The Shishigatani incident (鹿ケ谷事件, Shishigatani jiken, 鹿ヶ谷の陰謀, Shishigatani no inbou) of June 1177 was a failed uprising against the rule of Taira no Kiyomori in Japan. The conspiracy was discovered, and its perpetrators arrested and punished before any part of their plan was put into action.

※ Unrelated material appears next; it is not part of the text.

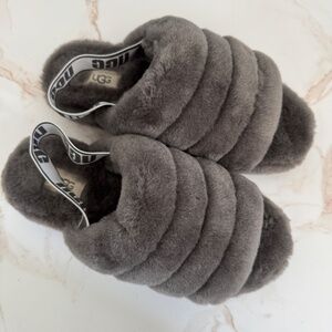 UGG Fluff Yeah Charcoal Slide Sandal - Size 8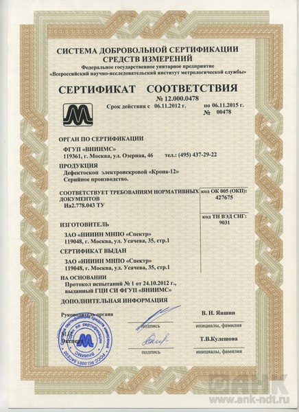 Технические характеристики электроискрового дефектоскопа КРОНА-12

The incident is also known in Japanese as Shishigatani no Inbō (鹿ケ谷の陰謀), the Shishigatani Conspiracy or Plot. The name comes from the location where the conspirators met, a mountain villa belonging to Jōken Hōin, in the Shishi Valley (Shishigatani) in the Higashiyama area of Kyoto.

==Background==
This is the most famous of a number of conspiracies and uprisings against Kiyomori. He rose quickly to power in the 1160s and dominated rather than guided the Imperial Court, taking advantage of his position to install members of his own family into high court positions, and marrying them into the Imperial family. In a number of ways, and on a number of occasions, he offended and opposed the cloistered Emperor Go-Shirakawa and the Fujiwara family of court nobles and regents.

==Incident==
Fujiwara no Narichika, his son Fujiwara no Naritsune, Saikō (the religious name of Fujiwara no Moromitsu), Taira no Yasuyori (Hei-Hogan, or Taira police lieutenant), Tada no Kurando Yukitsuna (a Genji from Settsu province), and the monk Shunkan gathered, along with others, in a small country villa in Shishigatani, to conspire against Kiyomori and the Taira clan as a whole.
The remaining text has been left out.